## Given information
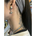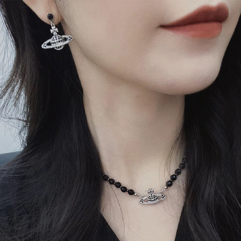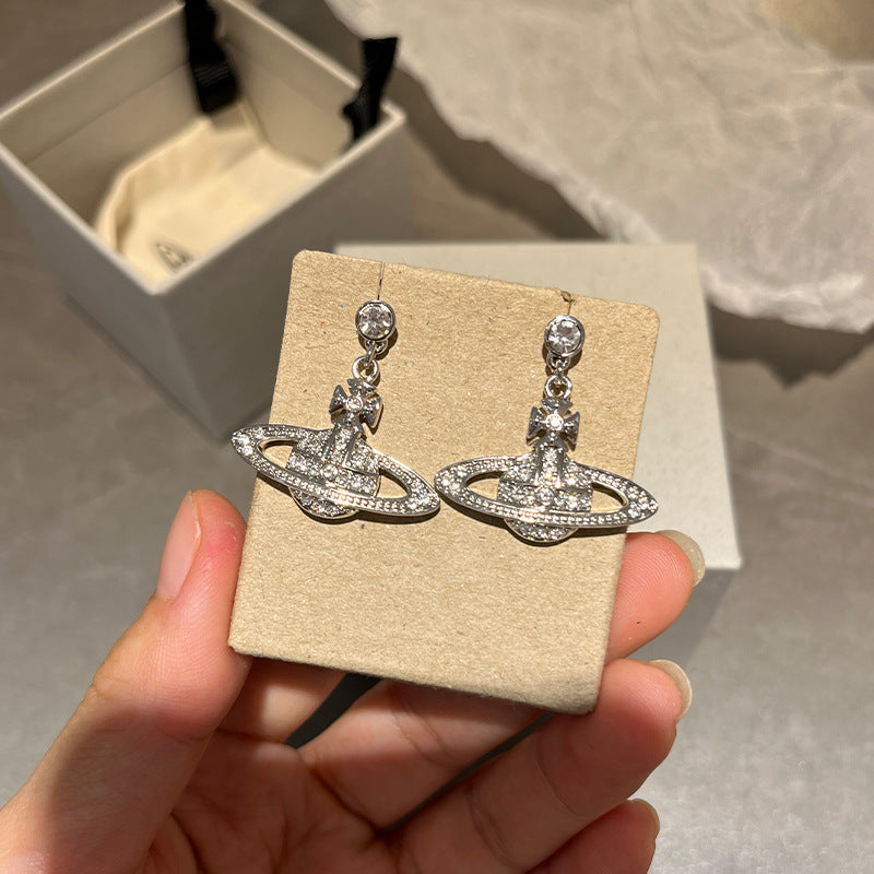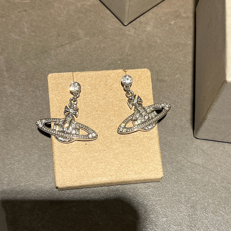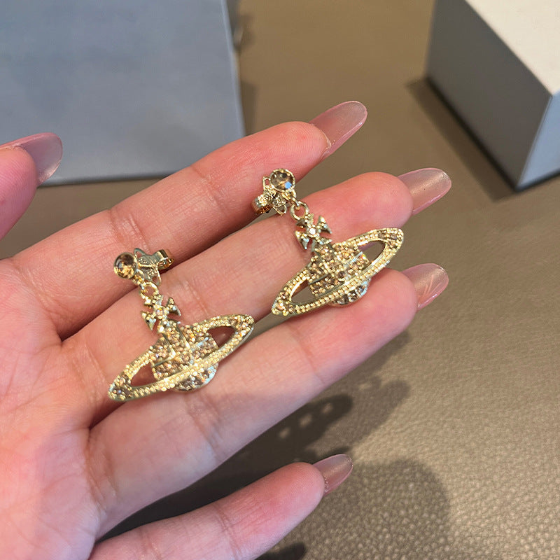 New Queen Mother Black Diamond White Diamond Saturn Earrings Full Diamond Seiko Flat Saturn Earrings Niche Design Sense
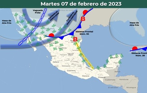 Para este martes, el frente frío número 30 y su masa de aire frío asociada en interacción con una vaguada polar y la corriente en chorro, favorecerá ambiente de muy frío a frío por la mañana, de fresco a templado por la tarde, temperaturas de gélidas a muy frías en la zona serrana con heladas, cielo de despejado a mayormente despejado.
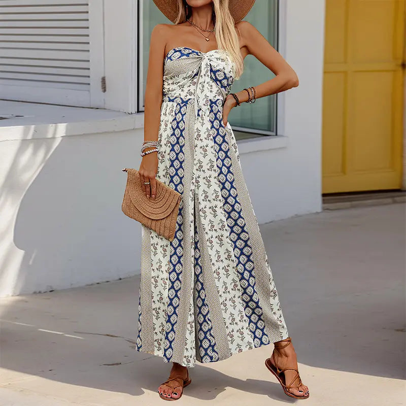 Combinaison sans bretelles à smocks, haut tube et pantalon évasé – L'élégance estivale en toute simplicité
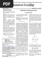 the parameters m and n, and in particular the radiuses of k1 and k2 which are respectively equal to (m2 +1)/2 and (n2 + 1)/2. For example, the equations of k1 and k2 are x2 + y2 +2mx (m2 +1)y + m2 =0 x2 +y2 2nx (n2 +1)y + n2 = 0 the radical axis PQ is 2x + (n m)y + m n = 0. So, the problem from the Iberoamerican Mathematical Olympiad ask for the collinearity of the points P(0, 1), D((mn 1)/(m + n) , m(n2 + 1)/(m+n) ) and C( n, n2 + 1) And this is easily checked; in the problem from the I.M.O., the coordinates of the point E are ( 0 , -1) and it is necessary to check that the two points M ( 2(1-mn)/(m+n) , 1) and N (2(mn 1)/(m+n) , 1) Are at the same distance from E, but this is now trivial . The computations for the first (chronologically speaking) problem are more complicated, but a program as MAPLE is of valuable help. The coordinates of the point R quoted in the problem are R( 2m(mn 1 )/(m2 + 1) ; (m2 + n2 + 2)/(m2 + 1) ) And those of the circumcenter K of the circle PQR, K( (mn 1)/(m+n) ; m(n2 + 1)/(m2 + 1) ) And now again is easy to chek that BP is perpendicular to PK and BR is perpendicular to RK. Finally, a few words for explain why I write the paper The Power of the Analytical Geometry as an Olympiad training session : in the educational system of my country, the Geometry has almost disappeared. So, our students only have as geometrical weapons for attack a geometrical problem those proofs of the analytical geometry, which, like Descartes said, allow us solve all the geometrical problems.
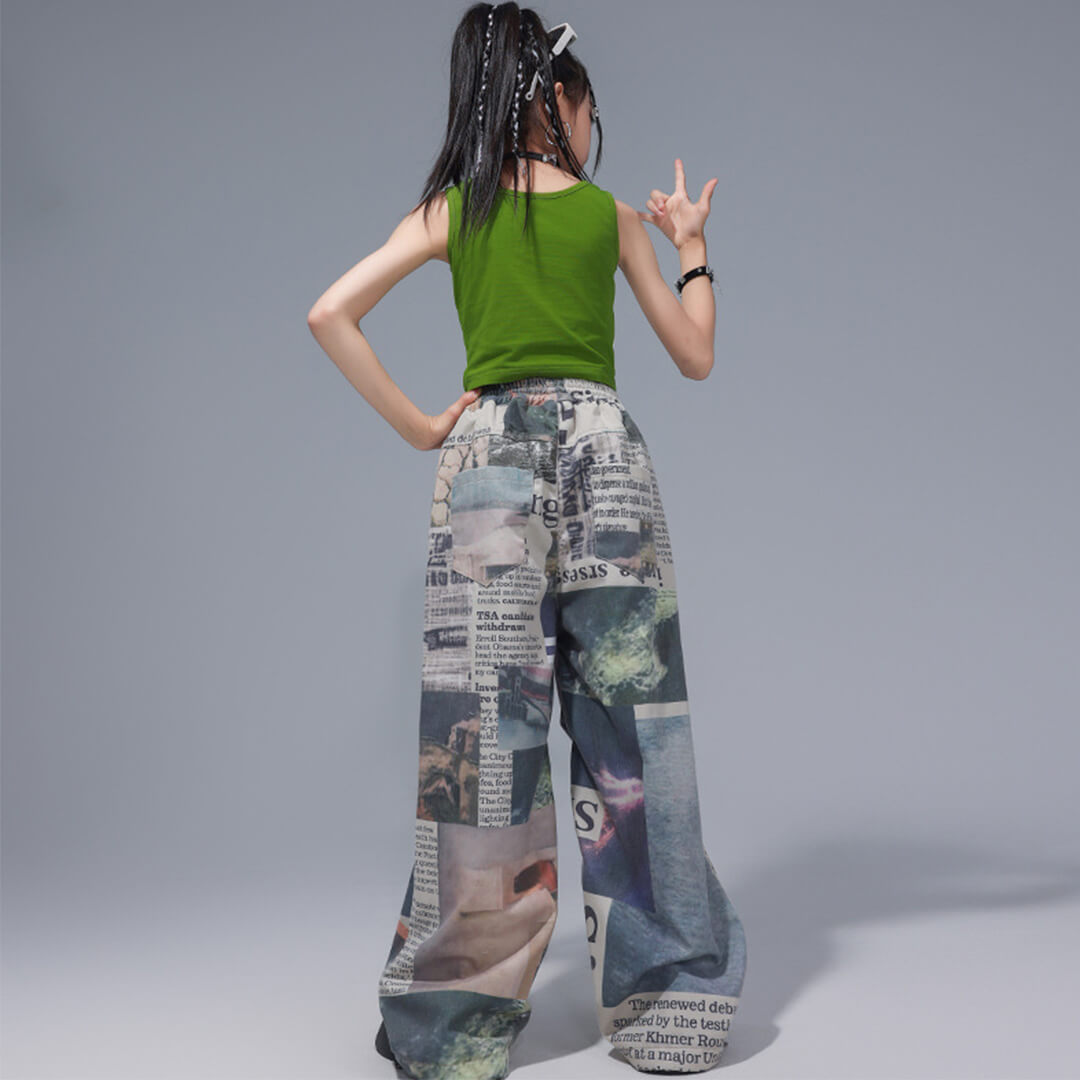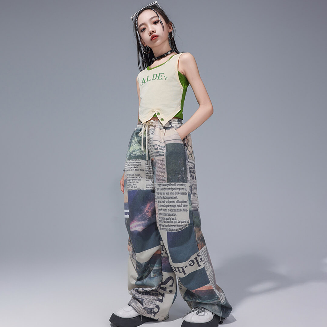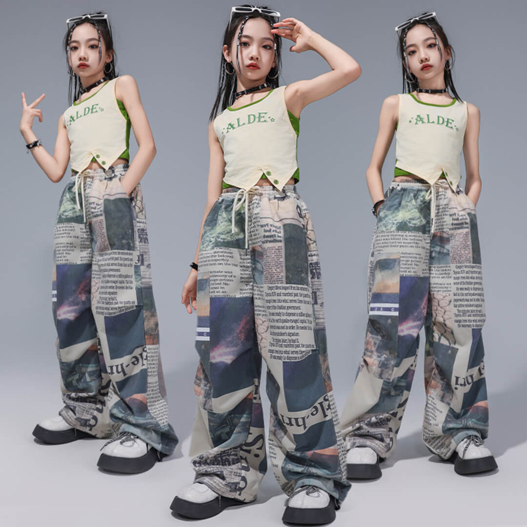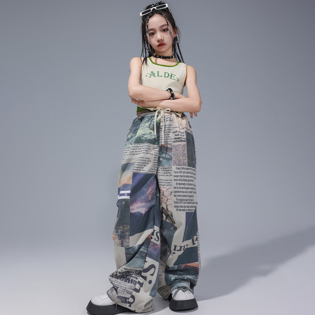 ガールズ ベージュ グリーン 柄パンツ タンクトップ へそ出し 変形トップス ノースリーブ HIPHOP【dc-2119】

## Work order
Take every record and copy it word for word, dropping the pictures.

## Output of the exercise
 New Queen Mother Black Diamond White Diamond Saturn Earrings Full Diamond Seiko Flat Saturn Earrings Niche Design Sense
 Para este martes, el frente frío número 30 y su masa de aire frío asociada en interacción con una vaguada polar y la corriente en chorro, favorecerá ambiente de muy frío a frío por la mañana, de fresco a templado por la tarde, temperaturas de gélidas a muy frías en la zona serrana con heladas, cielo de despejado a mayormente despejado.
 Combinaison sans bretelles à smocks, haut tube et pantalon évasé – L'élégance estivale en toute simplicité
 the parameters m and n, and in particular the radiuses of k1 and k2 which are respectively equal to (m2 +1)/2 and (n2 + 1)/2. For example, the equations of k1 and k2 are x2 + y2 +2mx (m2 +1)y + m2 =0 x2 +y2 2nx (n2 +1)y + n2 = 0 the radical axis PQ is 2x + (n m)y + m n = 0. So, the problem from the Iberoamerican Mathematical Olympiad ask for the collinearity of the points P(0, 1), D((mn 1)/(m + n) , m(n2 + 1)/(m+n) ) and C( n, n2 + 1) And this is easily checked; in the problem from the I.M.O., the coordinates of the point E are ( 0 , -1) and it is necessary to check that the two points M ( 2(1-mn)/(m+n) , 1) and N (2(mn 1)/(m+n) , 1) Are at the same distance from E, but this is now trivial . The computations for the first (chronologically speaking) problem are more complicated, but a program as MAPLE is of valuable help. The coordinates of the point R quoted in the problem are R( 2m(mn 1 )/(m2 + 1) ; (m2 + n2 + 2)/(m2 + 1) ) And those of the circumcenter K of the circle PQR, K( (mn 1)/(m+n) ; m(n2 + 1)/(m2 + 1) ) And now again is easy to chek that BP is perpendicular to PK and BR is perpendicular to RK. Finally, a few words for explain why I write the paper The Power of the Analytical Geometry as an Olympiad training session : in the educational system of my country, the Geometry has almost disappeared. So, our students only have as geometrical weapons for attack a geometrical problem those proofs of the analytical geometry, which, like Descartes said, allow us solve all the geometrical problems.
 ガールズ ベージュ グリーン 柄パンツ タンクトップ へそ出し 変形トップス ノースリーブ HIPHOP【dc-2119】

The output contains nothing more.